High Court's Connelly Decision Upends 20 Years of Buy-Sell Plans - What Should Your Clients Do?
Life insurance rarely figures prominently in U.S. Supreme Court cases. But there are scattered exceptions, and on June 6 2024, the Court released its decision in Connelly v. United States, originally a Tax Court case involving life insurance in an entity stock redemption arrangement between two brothers who owned a closely held corporation. The Court ruled in favor of the IRS and held that in this case, for purposes of establishing the value of the corporation for estate taxes, the corporation's obligation to purchase the deceased brother's shares did not offset the value of corporate owned life insurance proceeds earmarked for use in the stock redemption.
The result? The value of the life insurance proceeds on the deceased brother were deemed to be includable in the value of the business for estate tax purposes, which in this case significantly inflated the estate value and the corresponding taxes due.
What does it mean for your clients?
The Connelly decision impacts C and S corporation shareholders who use corporate owned life insurance to fund entity purchases and wait-and-see buy-sell agreements. It definitively resolved a split in opinions among the Tax Courts and the Courts of Appeal, and is broadly applicable to the structure and estate tax consequences of life insurance funding in an entity redemption agreement.

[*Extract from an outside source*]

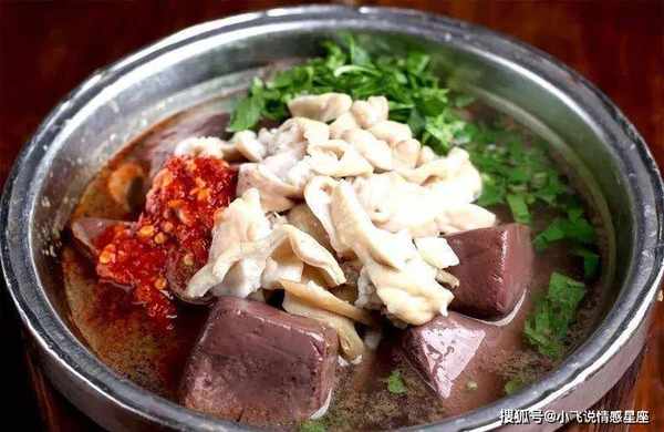 3.上桌时,先将煮好的猪血王莲汤舀入保温容器中,加入煮好的肥肠块、自制豆角、葱花、香菜粉即可食用。

Because the decision upends almost 20 years of traditional redemption arrangements for closely held entities, clients and closely held business owners in your orbit will be looking for agents and advisors to craft new business continuation and buy-sell agreements, funded by life insurance, and structured to exclude the value of life insurance proceeds from the deceased's estate.

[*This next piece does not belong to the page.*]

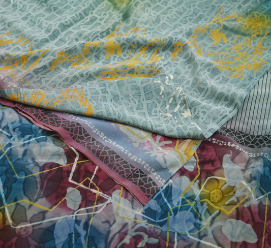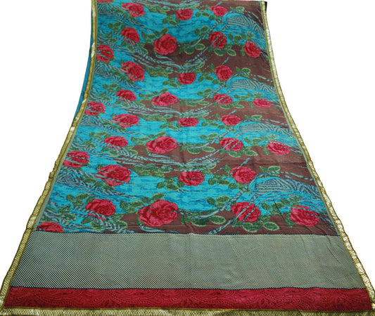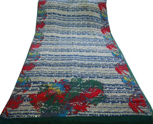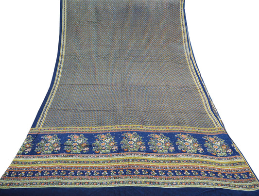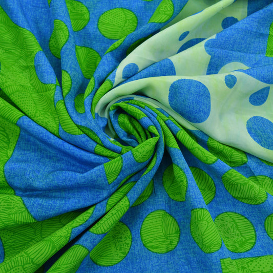 Indian Vintage Sari Blue & Green Pure Crepe Silk Printed Saree 5yd Sewing Soft Craft Fabric Wrap Dress making Quilting Crafting Upcycle

Note that the Connelly decision does not prohibit the use of life insurance to fund an entity redemption arrangement, nor does it expose life insurance proceeds per se to estate taxes in such an arrangement. It simply adds the life insurance proceeds that are received by the business at the deceased's death to the value of the business for estate tax purposes. If shareholders do not have concerns regarding federal or state estate tax or inheritance tax, Connelly's impact on business continuation planning may be negligible.
Some alternative solutions for agents and advisors
The first and perhaps most important action item for agents and advisors is to assist clients in a review of their buy-sell agreements and life insurance policies. Once the review is complete, clients will have several options including:
- Terminate the redemption agreement and replace it with a cross-purchase agreement.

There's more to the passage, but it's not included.